I grinned. Sarah heard the sardonic echo of what she’d said so passionately herself only three days ago. She flung out her arms in exasperated realisation.
‘You absolutely bloody beast,’ she said.
Jik smiled like a cream-fed cat. ‘We went round to the gallery,’ he said. ‘It’s still shut. We also found our way round into the back garden, and looked in through the glass door, and you can guess what we saw.’
‘Nothing.’
‘Dead right. No easel with imitation Millais. Everything dodgy carefully hidden out of sight. Everything else, respectable and normal.’

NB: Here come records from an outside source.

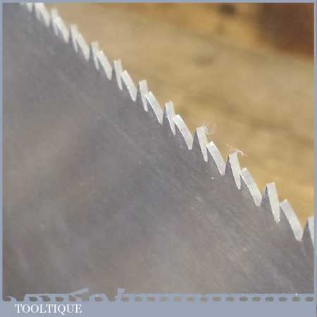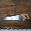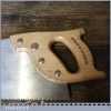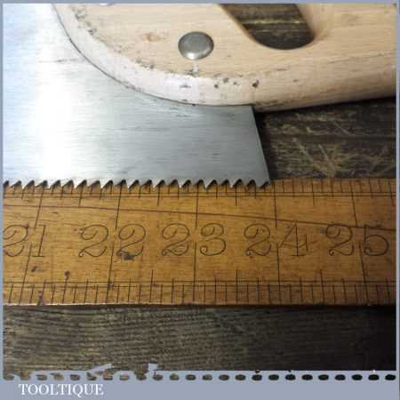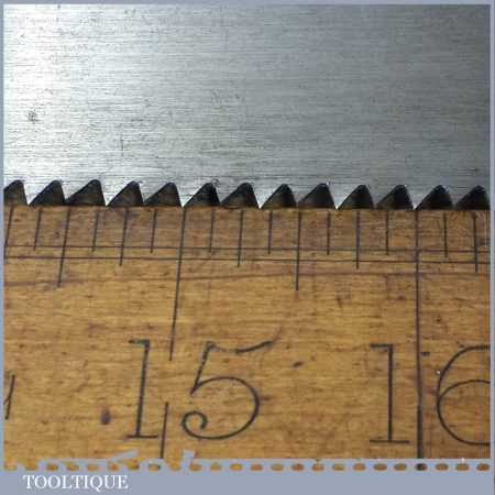 The saw has been thoroughly cleaned, jointed, resharpened and set by hand so that all the hard work of getting an old vintage saw right has been undertaken. We do this so that the next sharpening is easier and no more than a quick freshen up would be required. Those who are familiar with sharpening will know this is no small job and requires skill, effort and time to achieve good results.
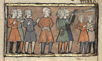 Dos de las miniaturas que se recogen en este manuscrito nos muestran a estos trompetas municipales abriendo los cortejos de los condenados por los delitos de adulterio y perjurio. Se constituyen en su principal elemento sónico, desempeñando la función de llamada a la ciudadanía, el cual estaría presente en muchas ciudades europeas medievales en manifestaciones de exhibición de castigo público de naturaleza similar.
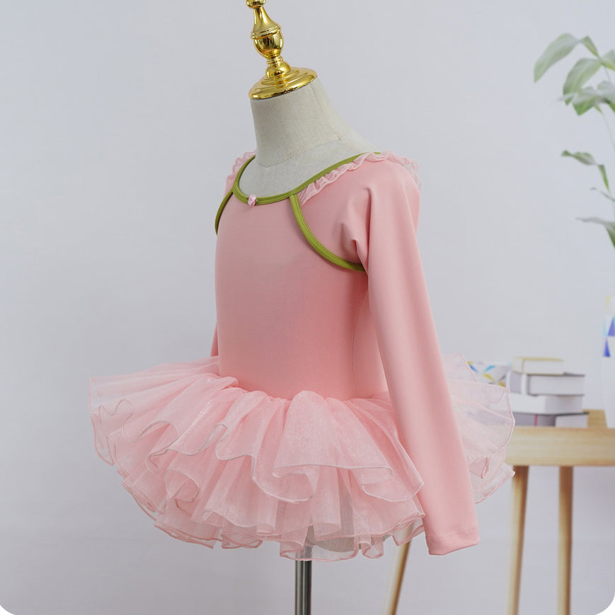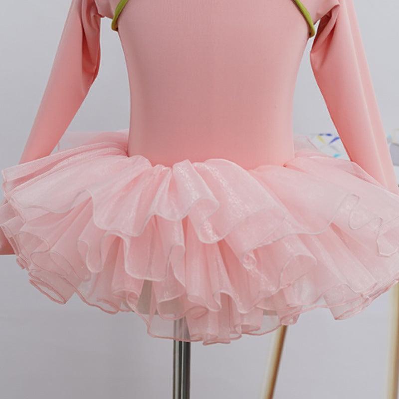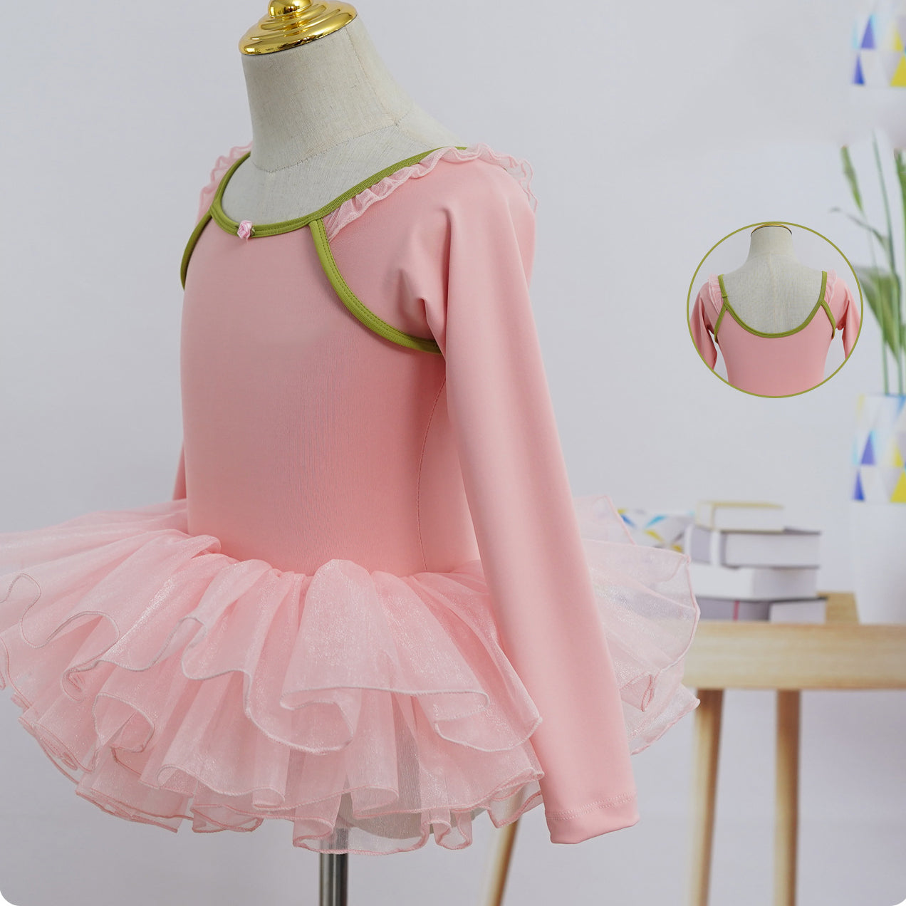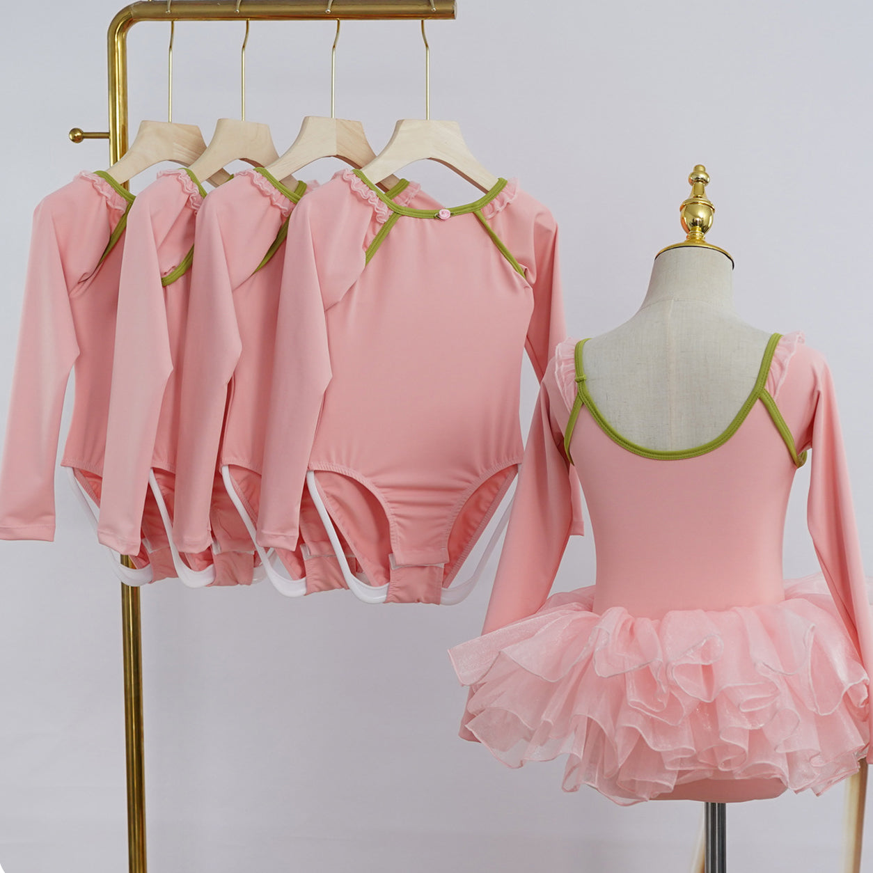 New Design Girls Long Sleeve Ballet Training Dance Wear 2 Piece Set Gymnastic Leotard with Skirt Pink
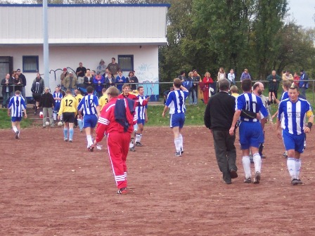 Es dauerte bis zur 35. Minute, bis Heckendalheim wieder gefährlich vor Dirk Hussong auftauchte. Und prompt der Ausgleich: Nach einem schnell ausgeführten Freistoß 20m vor dem Tor braucht der freistehende Heckendalheimer den Ball nur noch am chancenlosen Hussong vorbeizuschieben. Das 1:1 war zu diesem Zeitpunkt nicht unverdient, denn die Heimelf zeigte eine vorbildliche kämpferische Leistung. Die Partie wurde nun hektischer, gelbe Karten auf beiden Seiten waren die Folge. Beide Teams hatten vor der Halbzeitpause noch je eine gute Freistoßmöglichkeit, doch in beiden Fällen ging der Ball über die Latte.
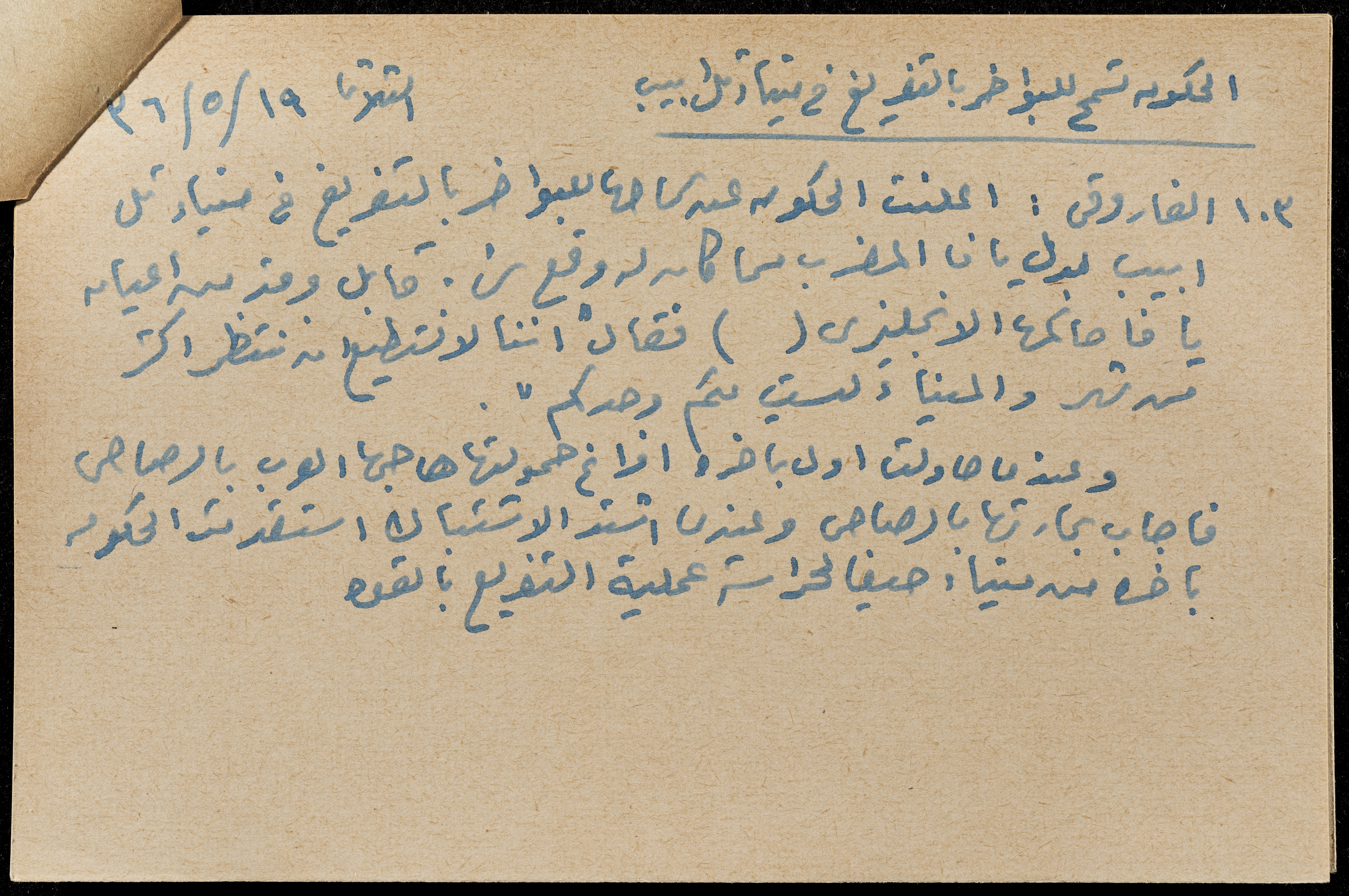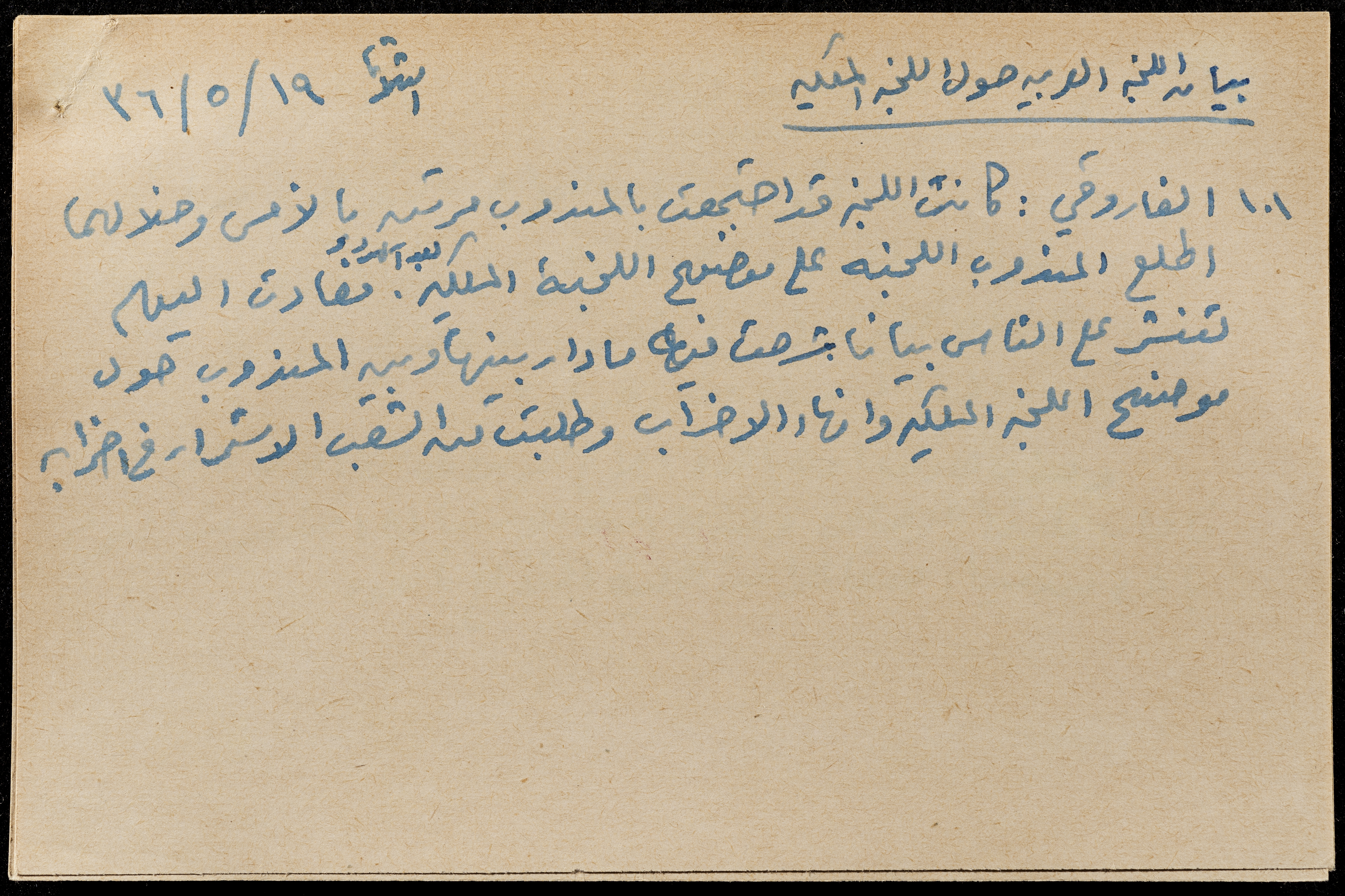 قصاصة ورقية بعنوان: بيان اللجنة العربية حول اللجنة الملكية
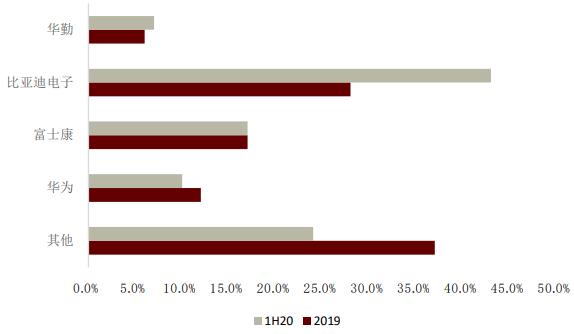手机委外代工比例持续提升,大陆ODM组装厂商出货量仍有望提高。以华为为例,公司大陆市场份额从2019年的36%提升至1H20的45%,比亚迪电子、华勤获得大部分华为手机增量订单,在华为组装供应份额提升较为明显。此外,比亚迪电子在华为手机组装的份额由28%提升至43%,富士康则仍然保持原先份额。尽管手机市场已进入存量博弈阶段,但我们认为终端品牌厂商委外加工的比例提高外加对大陆组装的扶持仍将继续强化大陆组装厂商优势。
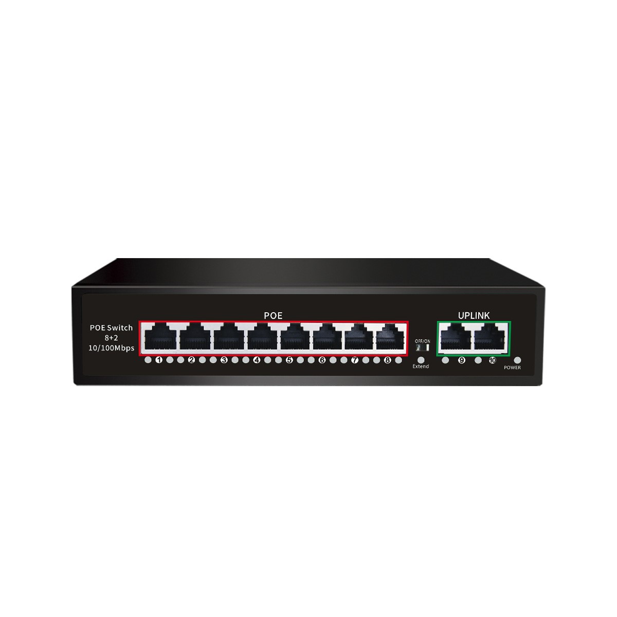 Коммутатор 8*10/100base-T POE RJ45, 2*10/100base-T UP-Link, 250m, 52В/2.3А, ≤120Вт, IEEE802.3AF/AT, 2Gbps, MDI/MDIX, 202*140*45mm, 1.1Kg
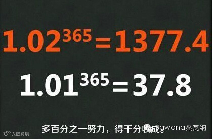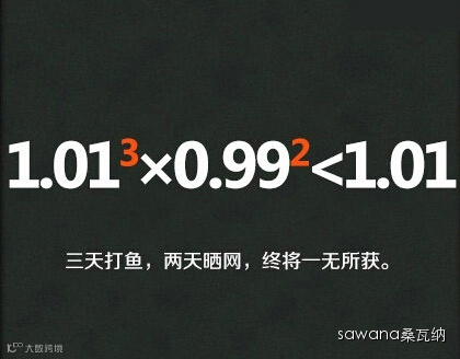 sawana 1.01的365次方=37.78343433289>1也就是每天进步一点,一年以后,你将进步很大,远远大于“1”。0.99的365次方=0.02551796445229<1也就是说你每天退步一点点,你将在一年以后,远远小于“1”,被人抛在后面。

I shifted a bit to relieve one lot of aches, and set up protests from another. ‘Even if you’d got in, I doubt if you’d’ve found anything dodgy. I’ll bet everything the least bit incriminating disappeared yesterday afternoon.’
Jik nodded. ‘Sure to.’
Sarah said, ‘We asked the girl in the reception desk at the motel if anyone had been asking for us.’
‘And they had?’
She nodded. ‘A man telephoned. She thought it was soon after ten o’ clock. He asked if a Mr Charles Todd was staying there with two friends, and when she said yes, he asked for your room number. He said he had something to deliver to you.’
‘Christ.’ Some delivery. Express. Downwards.
‘She told him the room number but said if he left the package at the desk, she would see you got it.’
‘He must have laughed.’
‘He wouldn’t have that much sense of humour,’ Jik said.
‘Soon after ten?’ said, considering.
‘While we were out,’ Sarah said, nodding. ‘It must have been fairly soon after we’d left the gallery... and while we were buying the swimming things.’
‘Why didn’t the girl tell us someone had been enquiring for us?’
‘She went off for a coffee break, and didn’t see us when we came back. And after that, she forgot. She hadn’t anyway thought it of any importance.’
‘There aren’t all that many motels in Alice,’ Jik said. ‘It wouldn’t have taken long to find us, once they knew we were in the town. I suppose the Melbourne lot telephoned Renbo, and that set the bomb ticking.’
‘They must have been apoplectic when they heard you’d bought that picture.’
‘I wish I’d hidden it,’ I said. The words reminded me briefly of Maisie, who had hidden her picture, and had her house burnt.
Sarah sighed. ‘Well... what are we going to do?’
‘Last chance to go home,’ I said.
‘Are you going?’ she demanded.
I listened briefly to the fierce plea from my battered shell, and I thought too of Donald in his cold house. I didn’t actually answer her at all.
She listened to my silence. ‘Quite,’ she said. ‘So what do we do next?’
‘Well...’ I said. ‘First of all, tell the girl in the reception desk at the motel that I’m in a pretty poor state and likely to be in hospital for at least a week.’